In addition to hand hygiene and contact isolation policies, treatment by selective personalized decolonization and FMT was performed in 6/8 patients so that they could receive chemotherapy. Four out of six patients had a successful FMT (patient 2, 3, 4, 7) confirmed by three negative consecutive CPE controls after transplantation. Two successive FMTs were required to decolonize patient 2 ( Table 1 ; Figure 1 ).

A 12-month follow-up did not detect additional CPE carriers in this thoracic-oncology ward.

Isolates and antibiotic susceptibility testing

Four C. freundii strains and five E. cloacae strains were isolated from eight clinical samples. All CPE were sensitive to fosfomycin and amikacin but resistant to amoxicillin, amoxicillin-clavulanic acid, ceftriaxone, piperacillin-tazobactam, and ciprofloxacin. All strains of C. freundii had the same resistance phenotype (doxycycline, gentamicin, trimethoprim-sulfamethoxazole resistant and cefepime sensitive). Concerning the Enterobacter strains, two phenotypes were observed. The isolates P7535 and P7537 were sensitive to cefepime, doxycycline, trimethoprim-sulfamethoxazole and gentamicin, while the remaining (P7536, P7538, P7698) were not ( Table 1 ).

Ertapenem and imipenem MICs of C. freundii strains varied from 0.5 to 1 µg/mL and 0.5 to 1 µg/mL respectively, while ertapenem and imipenem MICs of Enterobacter isolates ranged respectively from 1 to >32 µg/mL and 1 to 6µg/mL ( Table 1 ). The β-CARBA test was positive for all isolates that carried only the bla OXA-48 carbapenemase gene.

Resistome

All strains of C. freundii had a median length of 5.2Mb and a median GC of 51.7% while the median length and GC of Enterobacter isolates ranged between 4.98 to 5.1Mb and between 55 to 55.1%, respectively. RT-PCR and genome analysis confirmed that OXA-48 carbapenemase was produced by all strains. Resistome analysis showed the presence of genes encoding resistance to different families of antibiotics such as β-lactams, quinolones, aminoglycosides, sulfonamides, cyclins, and chloramphenicol ( Table 2 ).

The gene encoding the OXA-48 enzyme was found in a 63kb IncL/M plasmid, whereas the other antibiotic resistance genes were present on other plasmid types or in the chromosome ( Table 2 ). In all CPE, the bla OXA-48 gene was in a Tn1999.2 transposon (IS10A-lysR-bla OXA-48-IS1-IS10A) ( Figure 2 ). Comparison of the complete OXA-48 plasmids with all CPE showed the quasi-similarity of the outbreak plasmids, with presence of 0 to 5 SNV.

Figure 2.

Figure 2

Genetic environment of the bla OXA-48 gene and circular representation of the complete OXA-48 plasmids.

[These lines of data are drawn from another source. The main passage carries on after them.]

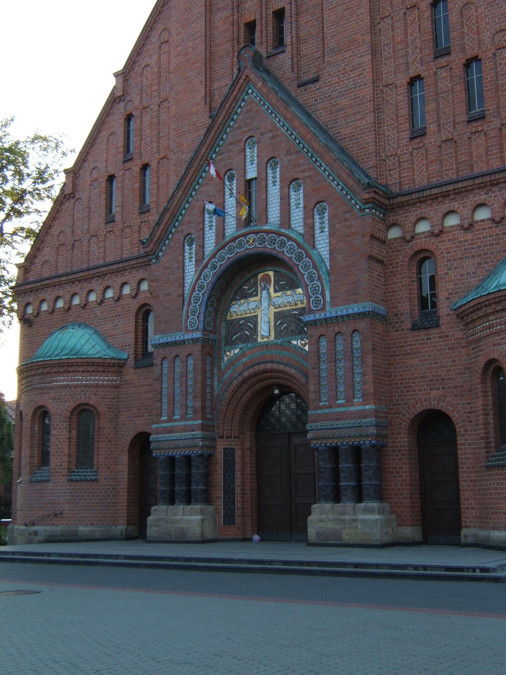 Portal and entrance to church in Bobrowniki Śląskie
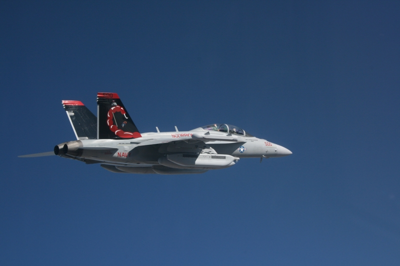 A U.S. Navy Boeing EA-18G Growler (BuNo 166894) from Electronic Attack Squadron 132 (VAQ-132) Scorpions in flight. This was also the aircraft of the "Carrier Air Wing Commander (CAG)".
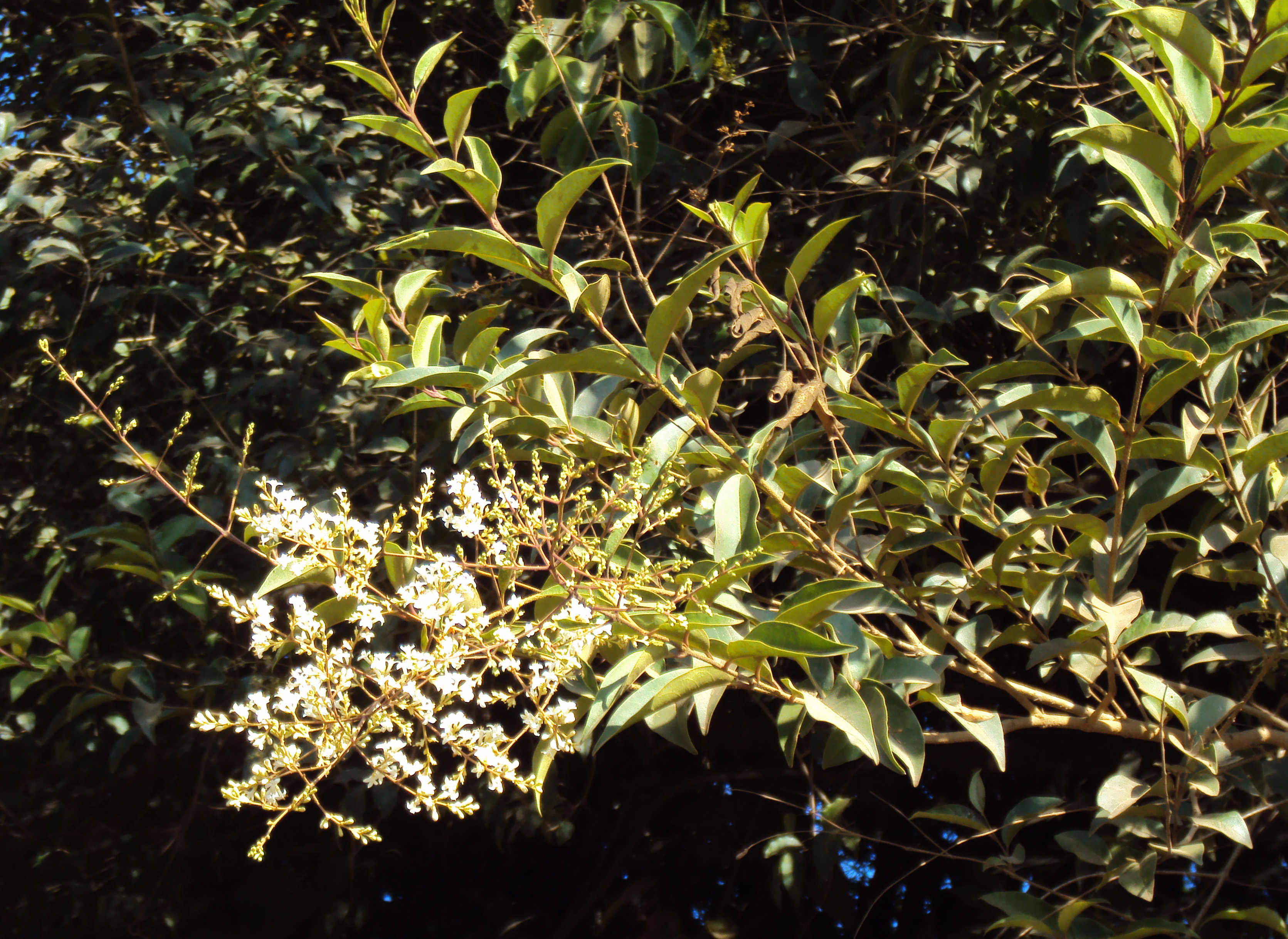 Ligustrum gamblei

Annotation of genomes on NCBI allowed reclassification of P7535, P7537, P7538, P7698 isolates as Enterobacter hormaechei strains ( Table 2 ). According to MLST analysis, all C. freundii strains belonged to the same ST22 sequence type, while Enterobacter isolates had different ST, except P7535 and P7537, which were ST1007 ( Figure 3 ; Table 2 ). E. hormaechei strains P7535 and P7537 had 99.98% ANIb similarity, while the similarity between the other Enterobacter isolates varied from 96.1 to 98.5%. The C. freundii strains also shared high similarity rates, from 99.64 to 99.98%. Pangenome and SNV analysis confirmed the same origin for E. hormaechei isolates P7535 and P7537, whereas the distance of C. freundii isolates indicated that they were related but appear to have diverged over time ( Figure 3 ).

Figure 3.

Figure 3

Phylogenetic tree based on the pangenome of C. freundii and Enterobacter sp. strains associated with ST, isolation date, ANIb and SNV data.

Discussion

The emergence and spread of CPE in the hospital setting are a major concern for clinicians. In this study, among the CPE, we isolated C. freundii and E. hormaechei, which belong to the E. cloacae complex and are identified as E. cloacae by most biochemical methods (Mateos et al., 2020). The presence of C. freundii producing OXA-48 carbapenemase is emerging in clinical settings where recent reports from Spain warned of an increase in its incidence. In Germany, the ST22 clone of OXA-48 carbapenemase producing C. freundii is increasingly noted in the hospital setting (Villa et al., 2017; Lalaoui et al., 2019; Yao et al., 2021). Recently in the north of France, an outbreak of OXA-48 carbapenemase -producing Enterobacteriaceae species, including Enterobacter sp. and C. freundii ST22, has been reported in a haematological ward (Jolivet et al., 2021).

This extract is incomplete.